The handful of agents and editors who periodically scour the Web for talent tend to be young. Senior publishing executives say they get so many submissions in the time-honored way -- bulging packages sent through the mail -- that they're not likely to go hunting for more. Agent Loretta Barrett, a 30-year veteran of book publishing, doesn't use the Web to hunt for new writers, even though she represents one of the first authors to self-publish a book online -- M.J. Rose, author of Lip Service. Like many editors and agents, Barrett is unmoved by the Internet's promise to reduce that 6-foot pile of manuscripts cluttering her office and the postage costs of returning them. Agents also have to cope with the reality that most book editors are not high tech. "I can't submit anything to publishers electronically" because publishers just don't use the Web that way, explains agent Mark Ryan.
Despite the naysayers, several major companies -- among them Dreamworks, Time Warner Trade Publishing and Universal Music Group -- are turning to the Web as a source for new talent, creating sites that invite unknowns to submit their work. Will the results be any better than sending unsolicited material through the mail?

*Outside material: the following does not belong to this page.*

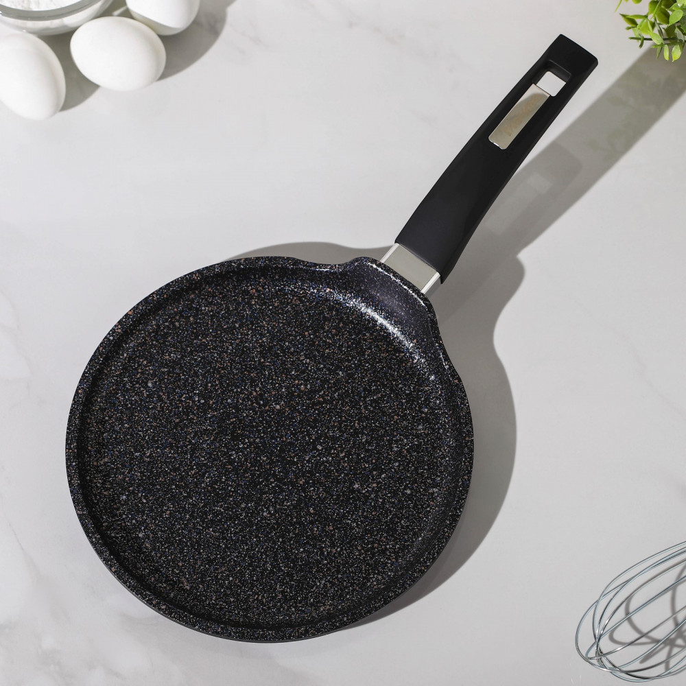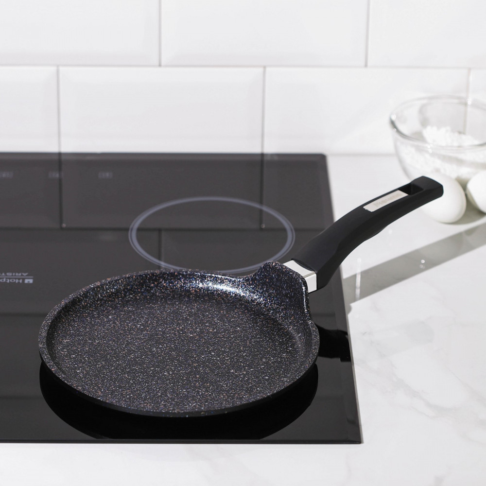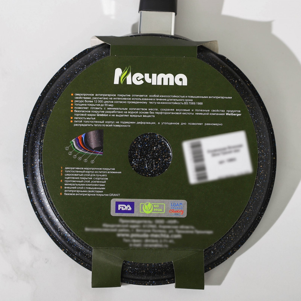 Серия: Гранит Star Сковороды серии Granite выполнены из прочного литого алюминия. Посуде не страшна деформация под воздействием высокой температуры, изделие прочное и лёгкое. Отличительная черта посуды Granite — усиленное кристаллами минералов антипригарное покрытие Greblon, разработанное немецкой компанией Weiburger Coatings. Оно защищает от пригорания, позволяет экономить масло и не выделяет вредных веществ. Также покрытие имеет высокую износостойкость — более 12 тысяч циклов мойки. Нагрев поверхности более быстрый, чем у чугунной и стальной посуды. Утолщённое дно — до 6 мм. Можно мыть в посудомоечных машинах. Сковороду можно использовать на газовых, электрических, стеклокерамических и галогенных плитах. |
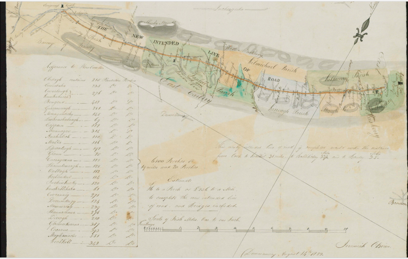 1822, Herbert Gillman, Woodbrook, Dunmanway, County Cork, seeking financial aid for a new line of road leading from Crookstown, in the parish of Moviddy, over the Barna or Pass of Cousane to Kealkil in the parish of Bantry, incorporating Ballilickey, Coosane and other parishes. The Newly Road if Built would Make the Distance from Bantry to Cork 35 Miles. Map by Jeremiah O’Brien shows old Road Bantry/Kealkil, Old Pathway to Bantry over Barna of Cousane, Estimate £256 a mile.

It's too early to tell.
Some artists, in fact, have already walked away from the Web with pockets full of cash -- and they didn't pay a dime up front. Garageband.com, which launched last October, promotes itself as a forum for unsigned bands to get discovered. The site has turned that promotion into a guarantee by offering a $250,000 recording contract every two months to the band that gets the highest marks from online listeners. But it's too early to say if those bands will generate enough sales to offset that advance. So far, a half-dozen musicians have won the prize, but none of their albums has been released yet. The first should be in stores early next year.
For musicians who don't win the top prize, Garageband touts its advisory board of about 45 producers who review a total of 900 songs from the site every three months. (The site has about 25,000 songs on it.) But how many bands have been offered contracts with other labels so far? Zilch. CEO Tom Zito admits that Garageband will have to start matching bands with labels in order to succeed.
In the end, most talent scouts agree that the Web will have a hard time competing with the ingredient that initiates most deals, be they in book publishing, music or Hollywood: personal relationships. "We do have people surfing the Web, but at the same time we rely very heavily on the relationships," says Dan Adler, who leads a team of 15 agents and executives in CAA's new-media department. "What this business is all about is relationships."